整座城楼砸塌了小半边。木屑与瓦砾如雨般落下,城楼上的羯兵抱头鼠窜,惨叫声此起彼伏。
弩车随后发威,密集的巨矢如蝗虫般飞上城头,将垛口后的守军射得抬不起头。赵军的弓箭手试图还击,但他们手中的骑弓射程不过百二十步,箭矢飞到北伐军阵前便已软绵绵地垂落,根本构不成威胁。而北伐军弓弩手在盾牌兵的掩护下推进到城墙一百三十步处,以三排轮射的方式向城头倾泻箭雨。北伐军强弩射程二百四十步,一百五十步内可穿铁甲,赵军身上那些札甲在弩矢面前如同纸糊。
城墙上血水横流,羯兵倒下了一批又一批,尸体从垛口上滚落下来,砸在城墙根下发出闷响。

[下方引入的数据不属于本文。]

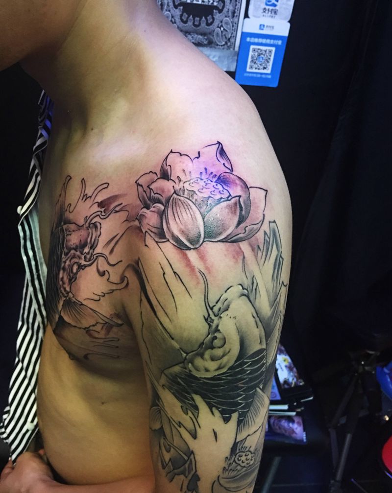 鲤鱼遮盖纹身图片_成品胸部手臂传统动物纹身图案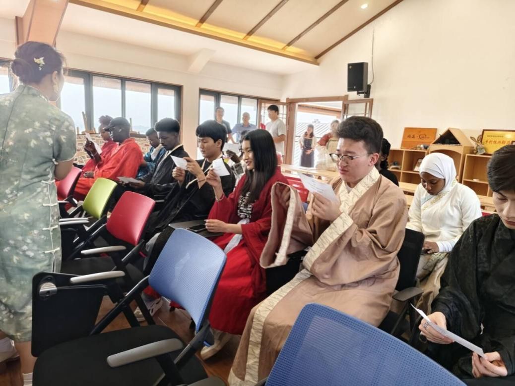 活动伊始,留学生们身着汉服来到经堂村游客中心广场,饱含深情地朗诵中华诗词。诗词的韵律之美与文化内涵被精彩演绎,引得现场乡亲和中国小朋友们掌声阵阵。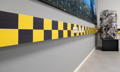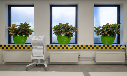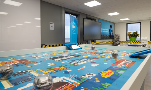 Om deze ruimte van een passende uitstraling te voorzien werd JEU ingeschakeld. In het ontwerp werd gebruik gemaakt van thema's en patronen uit de ICT-techniek en crash tests. Raamfolies bieden privacy en filteren het licht.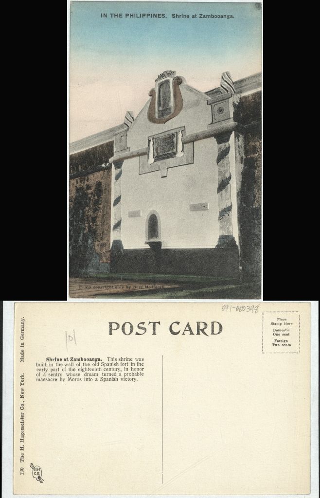 Shrine at Fort Pilar, Zamboanga City. Full caption: Shrine at Zamboanga: This shrine was built in the wall of the old Spanish fort in the early part of the eighteenth century, in honor of a sentry whose dream turned a probable massacre by Moros into a Spanish victory.

投石车又轰了半个时辰,南门左侧的城墙终于被砸出了一道丈余宽的豁口。碎石还在簌簌往下掉,祖昭便拔剑前指。
“韩晃!”
韩晃早已等得不耐烦了,听到号令,将手中马槊往地上一顿,翻身上马,率右武卫先锋如潮水般涌向豁口。
赵军也拼了命。豁口后方的街道上,祁狼亲自率五百羯人重甲兵堵了上来。两军在豁口处撞在一起,刀矛相击的金属碰撞声震耳欲聋。韩晃一马当先,马槊横扫,将最前面两名羯兵齐齐扫飞。他身后的右武卫老兵紧随其后,长矛手在前顶住羯兵冲击,刀牌手从侧翼迂回劈砍,狭窄的豁口处瞬间变成了绞肉机。

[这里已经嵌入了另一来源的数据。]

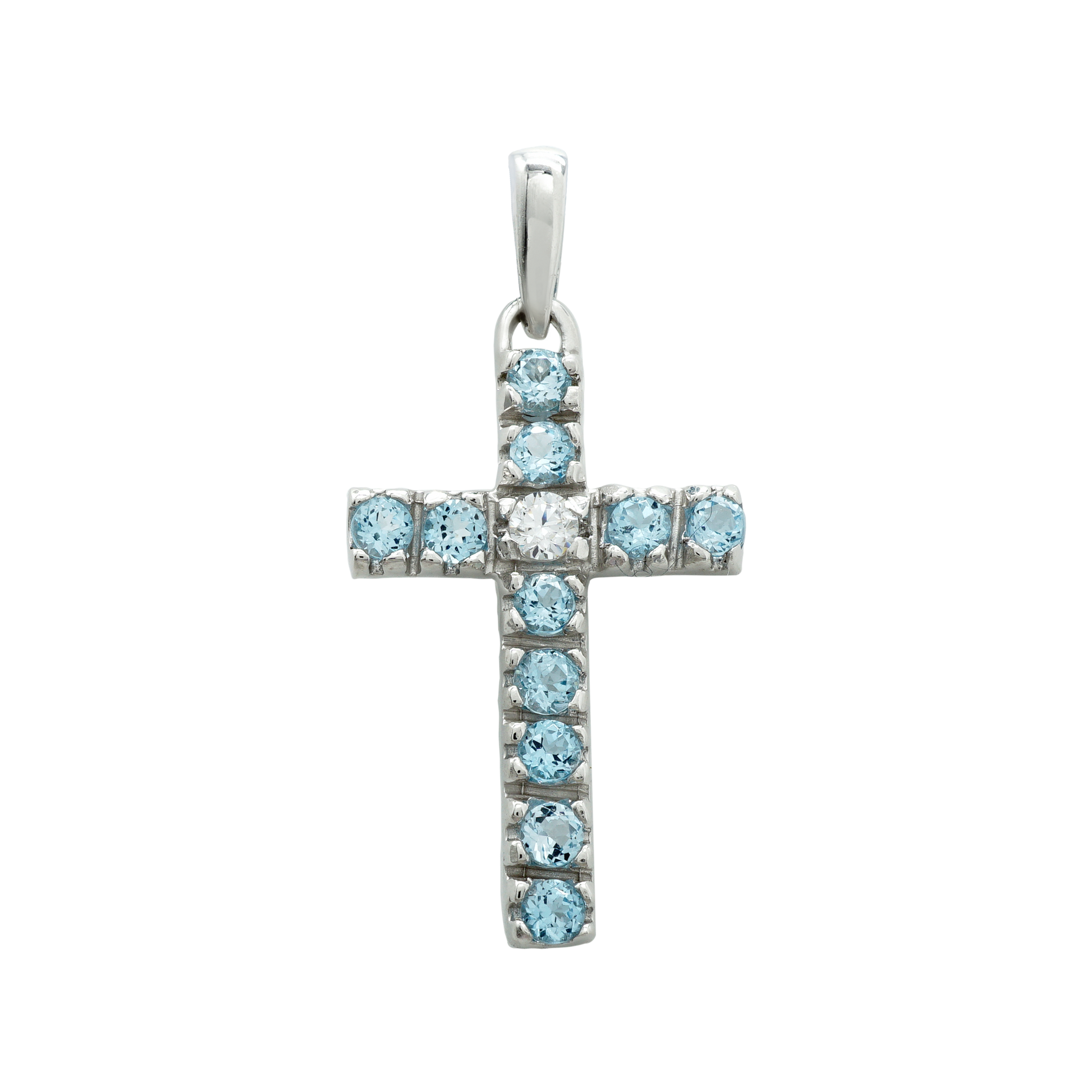 Klassischer Kreuzanhänger mit Diamanten und blauen Topasen in 14-karätigem Weißgold

就在这双方厮杀得最惨烈的时候,西门方向忽然传来一阵震天的喊杀声。
两千多个汉兵齐声发出怒吼,杀向赵军。
西门守将正在城楼上指挥守军往南门增援,忽然听到身后一阵骚乱。他猛回头,正看到原本被他安排在城墙下搬运箭矢的汉兵,不知何时已经抄起了藏在辎车底下的刀矛,如潮水般冲上了城头。
领头的是陈仲。这位潜伏了三年的县丞此刻脱掉了县衙里的青衫,换上了一身晋军的旧甲,手中擎着一面折叠了三年的青色战旗。他将旗帜往城楼上一插,拔出腰间长刀,一刀便砍翻了身旁一名还在发愣的羯兵。

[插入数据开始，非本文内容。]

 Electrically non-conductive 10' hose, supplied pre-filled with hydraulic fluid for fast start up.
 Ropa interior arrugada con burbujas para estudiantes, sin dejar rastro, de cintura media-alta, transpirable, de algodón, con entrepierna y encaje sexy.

“三年前祖将军走的时候,我答应过他,守住这面旗。”陈仲站在城楼上大喊,声音嘶哑却如惊雷贯耳,“今日北伐大军回来了,彭城的汉家儿郎,随我杀!”
两千汉兵如同被点燃的火药桶,瞬间炸开了。他们有的冲向城门,砍断门闩推开厚重的城门;有的冲上城头,与守城的羯兵短兵相接;还有的杀向城中各处武库和粮仓,截断了羯兵的退路。
赵军被这突如其来的变故彻底打懵了,正面的北伐军攻势如潮,身后的汉兵又反戈一击,腹背受敌,阵脚大乱。城门口的几个羯兵试图去堵门,被汉兵乱刀砍倒在地,厚重的西门在一阵沉闷的轰响中被缓缓推开。
早已等候在西门外的是韩虎的右骁卫。五千步卒从西门涌入城中,沿着主街向东推进,与从南门豁口杀入的韩晃右武卫在城中十字街口汇合。两面夹击之下,羯兵最后的抵抗彻底崩溃。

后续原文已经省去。